Dr Thorne - Anthony Trollope [208]
All this had happened previous to the great Greshamsbury feud. Mr Oriel gradually got himself into a way of sauntering up to the great house, sauntering into the drawing-room for the purpose, as I am sure he thought, of talking to Lady Arabella, and then of sauntering home again, having usually found an opportunity for saying a few words to Beatrice during the visit. This went on all through the feud up to the period of Lady Arabella’s illness; and then one morning, about a month before the date fixed for Frank’s return, Mr Oriel found himself engaged to Miss Beatrice Gresham.
From the day that Miss Gushing heard of it – which was not, however, for some considerable time after this – she became an Independent Methodist. She could no longer, she said at first, have any faith in any religion; and for an hour or so she was almost tempted to swear that she could no longer have any faith in any man. She had nearly completed a worked cover for a credence-table when the news reached her, as to which, in the young enthusiasm of her heart, she had not been able to remain silent; it had already been promised to Mr Oriel; that promise she swore should not be kept. He was an apostate, she said, from his principles; an utter pervert; a false, designing man, with whom she would never have trusted herself alone on dark mornings had she known that he had such grovelling, worldly inclinations. So Miss Gushing became an Independent Methodist; the credence-table covering was cut up into slippers for the preacher’s feet; and the young thing herself, more happy in this direction than she had been in the other, became the arbiter of that preacher’s domestic happiness.
But this little history of Miss Gushing’s future life is premature. Mr Oriel became engaged demurely, nay, almost silently, to Beatrice, and no one out of their own immediate families was at the time informed of the matter. It was arranged very differently from those two other matches – embryo, or not embryo, those, namely, of Augusta with Mr Moffat, and Frank with Mary Thorne. All Barsetshire had heard of them; but that of Beatrice and Mr Oriel was managed in a much more private manner.

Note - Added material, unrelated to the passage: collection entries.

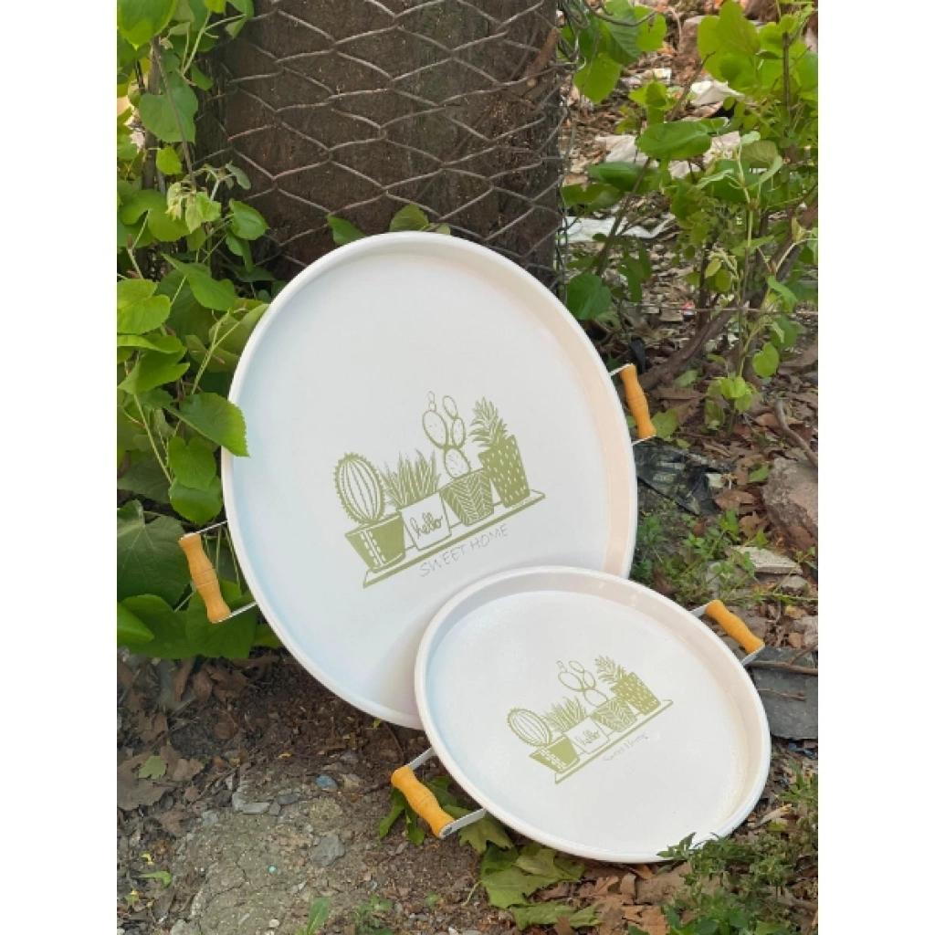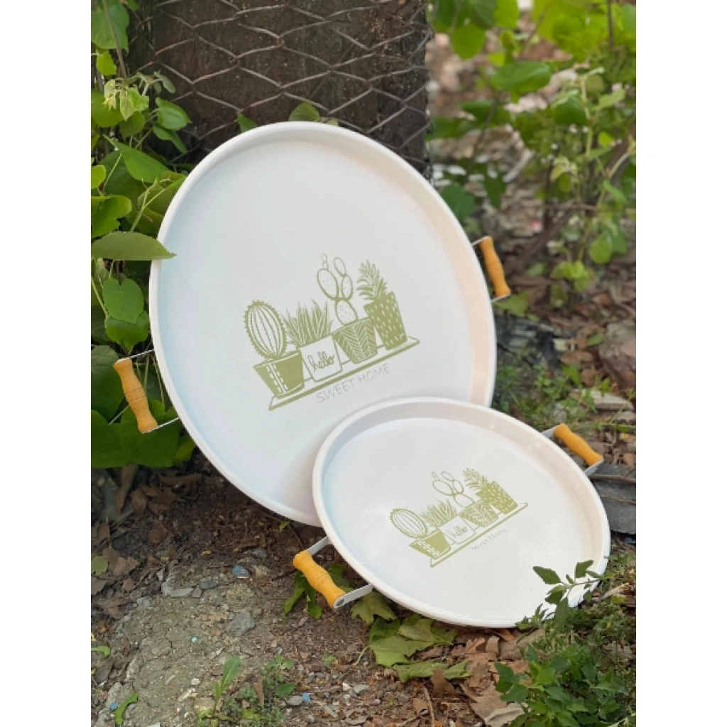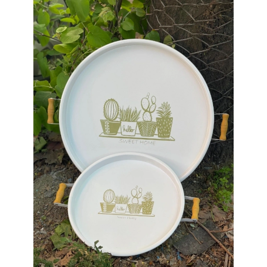 Büyük boy tepsinin çapı 51 cm, küçük boy tepsinin çapı ise 37 cm'dir. Bu şık ikili tepsi seti, yuvarlak formu ve estetik tasarımıyla mükemmel bir sunum aracıdır. Ahşap tutma kulpları sayesinde rahatlıkla taşınabilir. Hem işlevsel hem de dekoratif olarak kullanılabilir. Evde misafir ağırlarken, kahve saati sunumları veya yemek servisleri için ideal bir seçenektir. Modern tarzı ve pratikliğiyle her evde yerini alacak.Paket İçeriği1 Adet İkili Yuvarlak Sunum Tepsisi Seti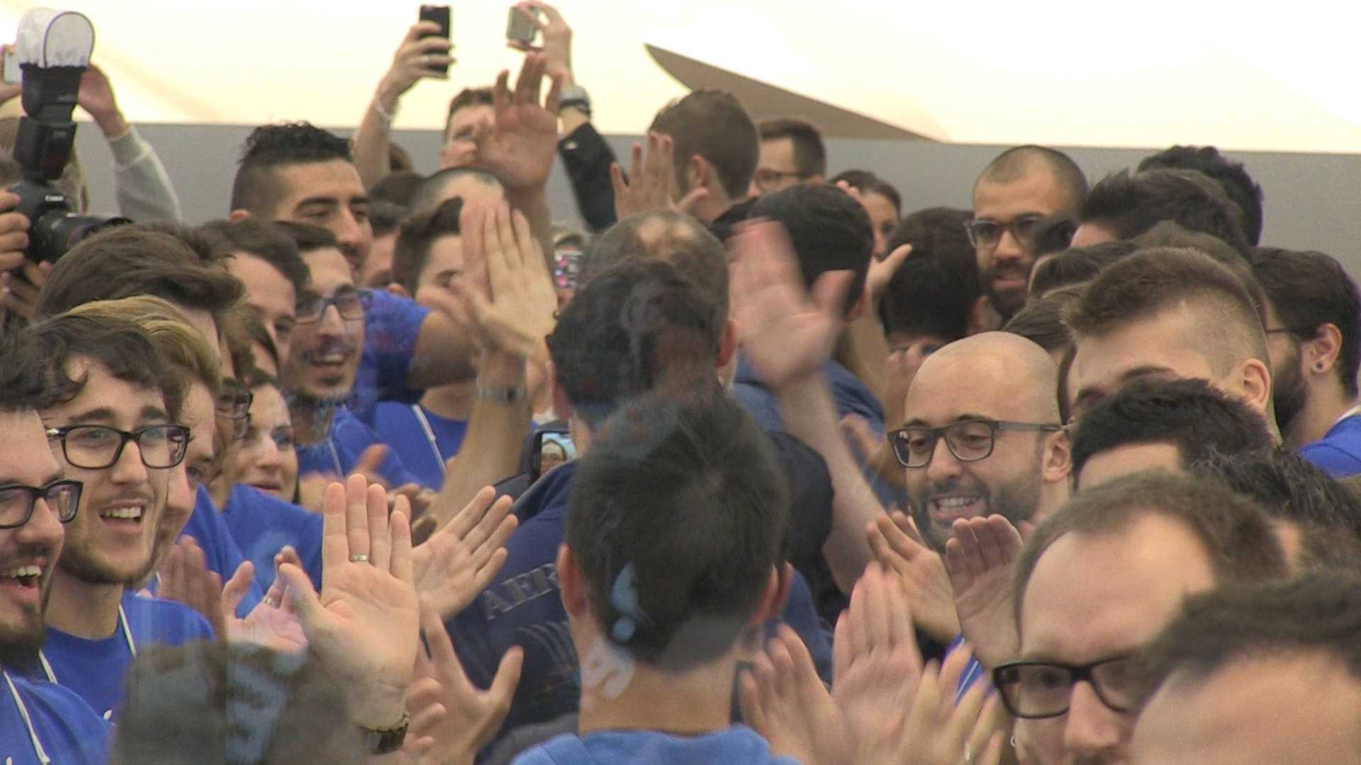 Come accennato, quando le porte si sono aperte e Alessandro è entrato, alle sue spalle si era formata una coda di un migliaio di persone accolte nello store dalle classiche “Ola” e cori degli addetti al negozio. Dopo la prima ondata che si è esaurita alla fine della mattinata, per tutto il giorno l’afflusso è stato molto elevato. Tra le persone che hanno varcato le porte dello store, c’erano appassionati della Mela, ma anche tantissimi curiosi attirati dalla kermesse e dalla folla del tutto inusuali nello scenario del commercio.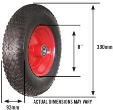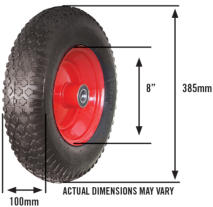 Standard Flat Free Wheelbarrow Wheel AssemblyProduct Code: SHW45PUBU•Standard 4.80/4.00 - 8•Solid Polyurethane Tyre with Heavy Duty Steel Rim•1” Sealed Bearings•Puncture resistant•Complete replacement wheelbarrow wheel•Spare part to suit Sherlock models SS85P-N, SS85S-N, NB75P-BU, SH46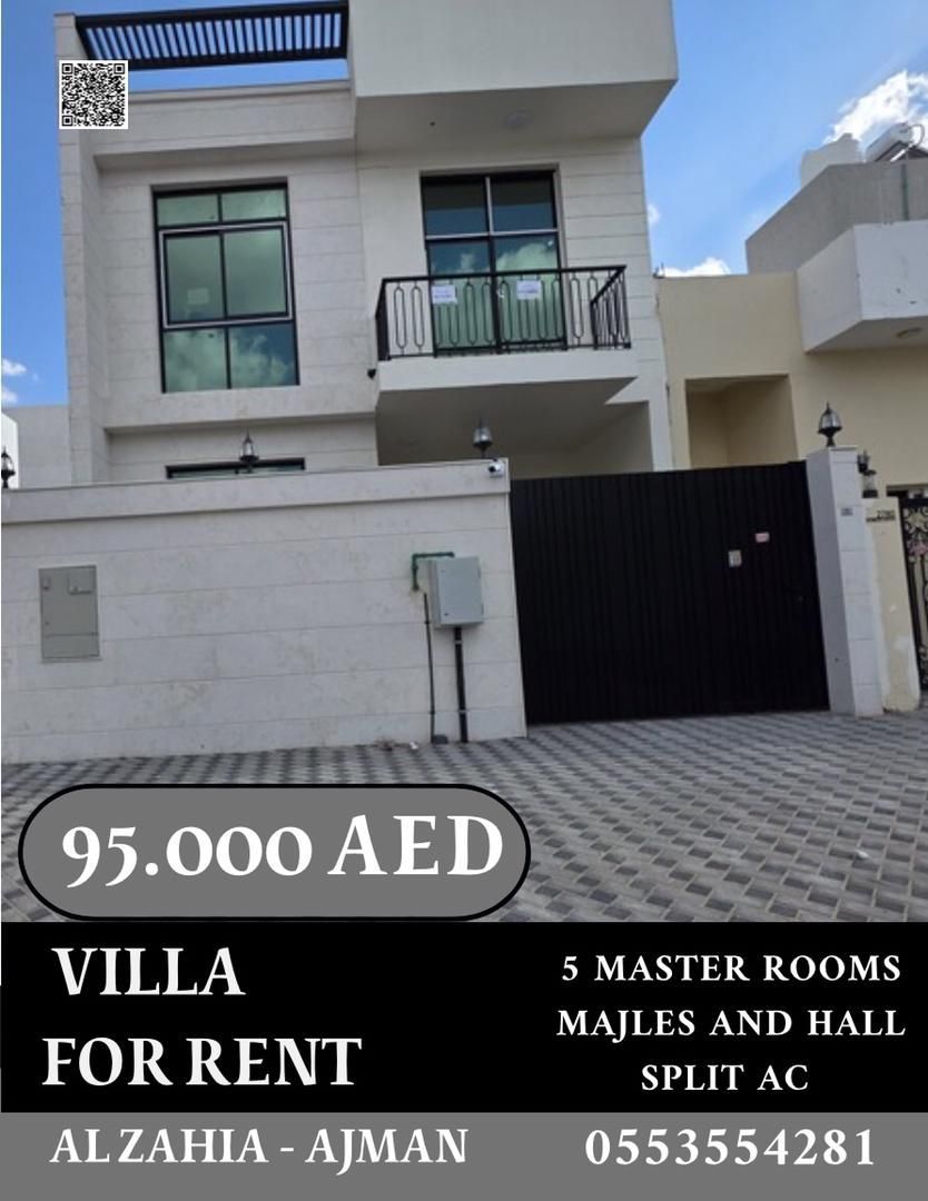فيلا للإيجار بمنطقة الزاهية في عجمان 5 غرف صالة ومجلس مطبخ واسع. أول ساكن الزاهية 90 ألف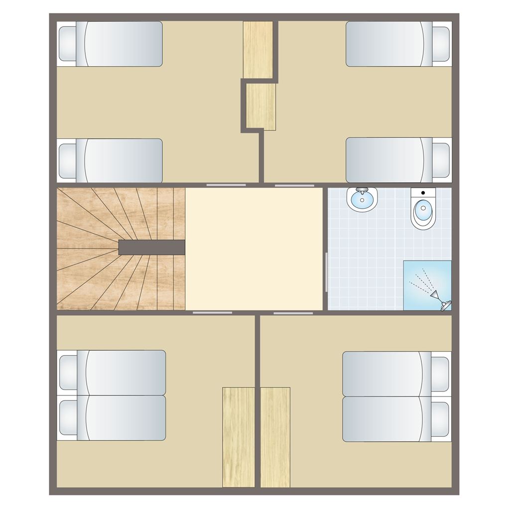 - Twee slaapkamers met twee 1-persoonsbedden op de eerste verdieping

‘I do think you are a happy girl,’ said Patience to her one morning.
‘Indeed I am.’
‘He is so good. You don’t know how good he is as yet; he never thinks of himself, and thinks so much of those he loves.’
Beatrice took her friend’s hand in her own and kissed it. She was full of joy. When a girl is about to be married, when she may lawfully talk of her love, there is no music in her ears so sweet as the praises of her lover.
‘I made up my mind from the first that he should marry you.’
‘Nonsense, Patience.’
‘I did, indeed. I made up my mind that he should marry; and there were only two to choose from.’
‘Me and Miss Gushing,’ said Beatrice, laughing.
‘No; not exactly Miss Gushing. I had not many fears for Caleb there.’
‘I declare she’s very pretty,’ said Beatrice, who could afford to be good-natured. Now Miss Gushing certainly was pretty; and would have been very pretty had her nose not turned up so much, and could she have parted her hair in the centre.
‘Well, I am very glad you chose me; – if it was you who chose,’ said Beatrice, modestly; having, however, in her own mind a strong opinion that Mr Oriel had chosen for himself, and had never had any doubt in the matter. ‘And who was the other?’
‘Can’t you guess?’
‘I won’t guess any more; perhaps Mrs Green.’
‘Oh no; certainly not a widow. I don’t like widows marrying. But of course you could guess if you would; of course it was Mary Thorne. But I soon saw Mary would not do, for two reasons; Caleb would never have liked her well enough nor would she ever have liked him.’
‘Not like him! oh, I hope she will; I do so love Mary Thorne.’
‘So do I, dearly; and so does Caleb; but he could never have loved her as he does you.’